Higher rates of neurologic comorbidities like craniocervical instability/atlantoaxial instability, Chiari malformation, and tethered cord syndrome.
Increased prevalence of Mast Cell Activation Syndrome (MCAS).
Highest number of conditions, exceeding 14 in many cases.
Clusters did not correlate to degree of hypermobility, as measured by the Beighton score. Additionally, these clusters did not consider the severity of different symptoms, but only the presence or absence of the conditions asked about. So while cluster 3 reported more conditions, it does not necessarily mean those who fall within this cluster are “more severe” than other clusters.
I’m curious, if you have hEDS, what cluster, if any, do you feel best describes you?
Why do the clusters matter?
hEDS is often viewed as a “catch all” for anyone with generalized joint hypermobility and additional signs of a connective tissue disorder, that doesn’t fit phenotypically or genetically into other types of EDS or other connective tissue diseases. The spectrum in presentation can be really broad from one hEDS patient to the next, and this study certainly did not capture every possible phenotype or associated comorbidity!

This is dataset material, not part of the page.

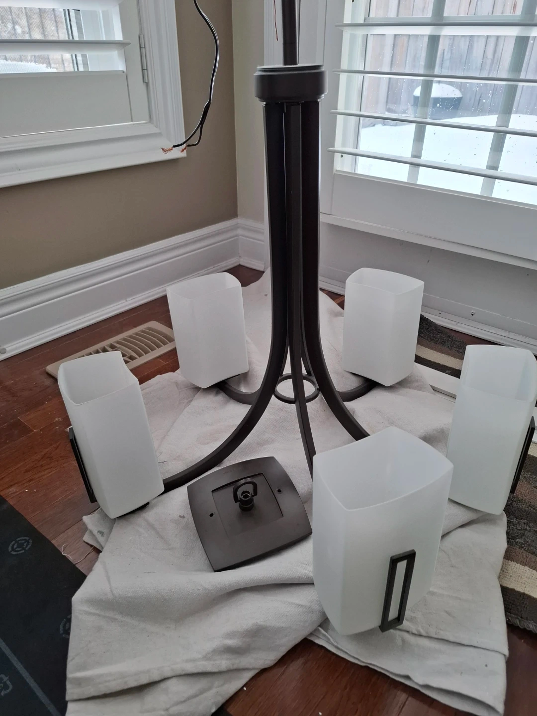 This is a 5-light chandelier fixture by Kichler. It comes with frosted glass shades. This fixture is suitable for a dining room or foyer.

The identification of clusters within the hEDS patient population provides valuable insights into the diversity of phenotypes and comorbid conditions, which can significantly enhance clinical care and research. By understanding these clusters, clinicians can tailor treatment plans more effectively, addressing the specific needs of each subgroup. Additionally, pairing phenotypic data like this with genetic information could lead to the discovery of specific genetic markers associated with certain clinical presentations, improving the accuracy of hEDS diagnoses and the development of future therapies.
This study also highlights that traditional diagnostic tools, such as the Beighton score and 2017 diagnostic criteria, may not reliably capture the full spectrum of hEDS phenotypes, underscoring the need for revised diagnostic criteria that better reflect the complexity of the condition, the EDS society is one group working on this right now.

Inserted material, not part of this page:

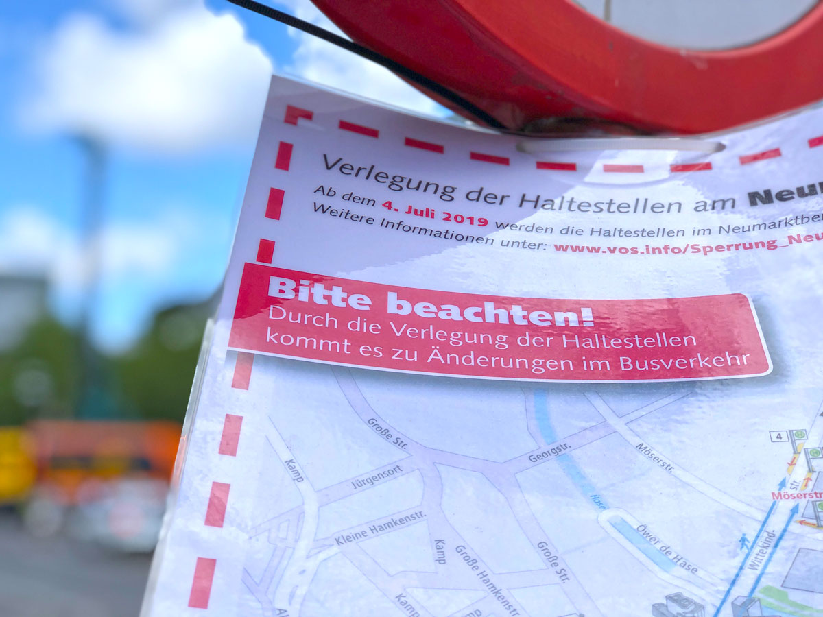 Nochmals: Dass den ganzen Sommer über der Neumarkt von den Bussen der Stadtwerke nicht angefahren wurde, liegt an einer Baustelle, die niemals eingerichtet wurde.

Reference: Petrucci T, Barclay SJ, Gensemer C, et al. Phenotypic Clusters and Multimorbidity in Hypermobile Ehlers-Danlos Syndrome. Mayo Clin Proc Innov Qual Outcomes. 2024;8(3):253-262. Published 2024 May 15. doi:10.1016/j.mayocpiqo.2024.04.001
THIS is what I've been wanting to see discussed!! I am definitely cluster three. I just barely met the diagnostic criteria for hEDS and got diagnosed in 2022 and was then diagnosed with 10+ other conditions including CCI/AAI, occult tethered cord, and IIH. I think this is so so important because 99% of doctors will not consider these neurological/spinal conditions when they hear of an hEDS diagnosis and the patients are left with the responsibility to discover these things on our own, do our own research, put the pieces together and most likely travel out of state to get care which is a HUGE burden and totally inaccessible for many people who can't afford to do, can't take the time off work, or are too debilitated. And these conditions are very debilitating and often progressive (hEDS is obviously not progressive but OTC for example is). I'm thankful for social media and support groups for helping me figure out I had these conditions but it would be great if my hEDS diagnosis was a flag to be screened for these things so I didn't have to be my own doctor 24/7!

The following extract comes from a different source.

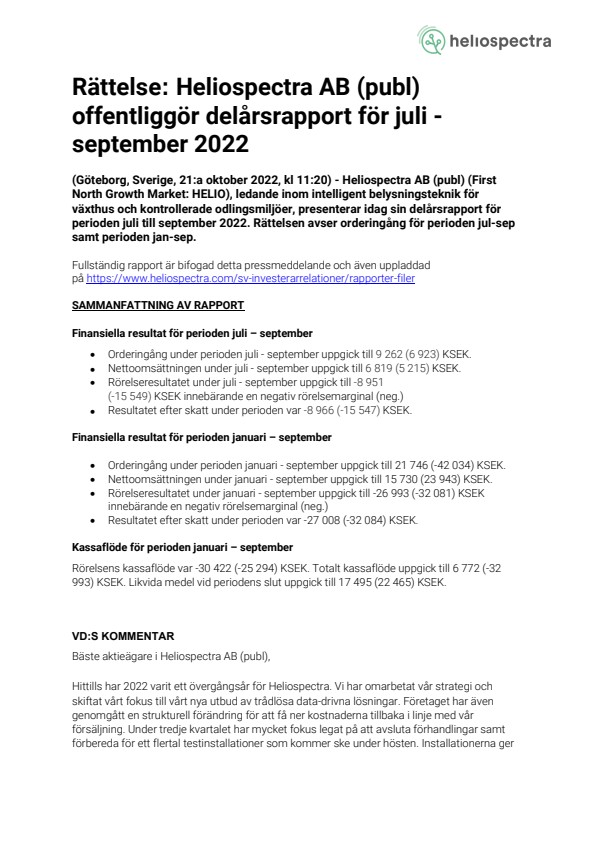 (Göteborg, Sverige, 21:a oktober 2022, kl 11:25) – Heliospectra AB (publ) (First North Growth Market: HELIO), ledande inom intelligent belysningsteknik för växthus och kontrollerade odlingsmiljöer, presenterar idag sin delårsrapport för perioden juli till september 2022. Rättelsen avser orderingång för perioden jul-sep samt perioden jan-sep.
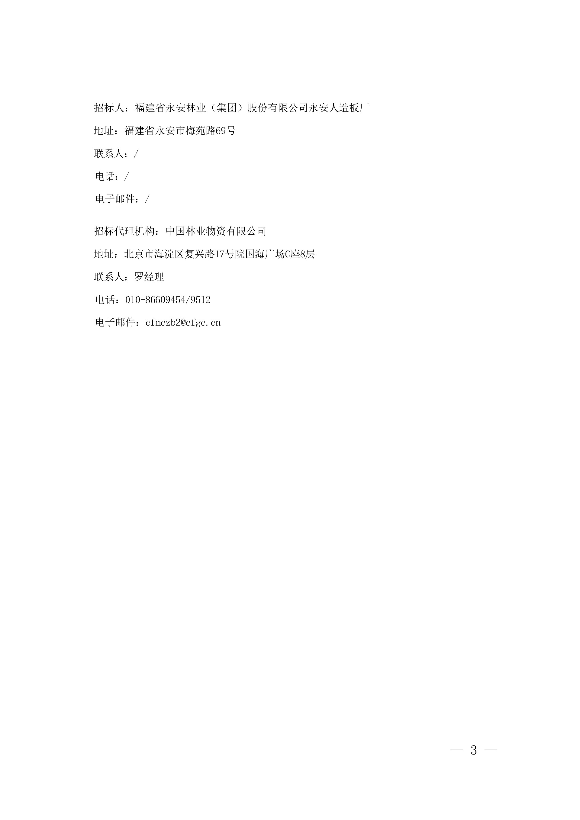永安人造板厂工业甲醛溶液采购项目招标公告

Another thing worth noting is that not only is the Beighton scale sometimes unreliable but diagnostic criteria such as chiari malformation, CCI, AAI and MCAS, MCAD are such specific diagnostics that so many of us, if we have gotten through the hurdles of getting diagnosed, we still may absolutely have no access at all to these kinds of tests. Insurance hurdles and the economics of it all can literally mean our care ends here, right outside the diagnostic line. This has the power to skew data, too. There’s so much work to be done.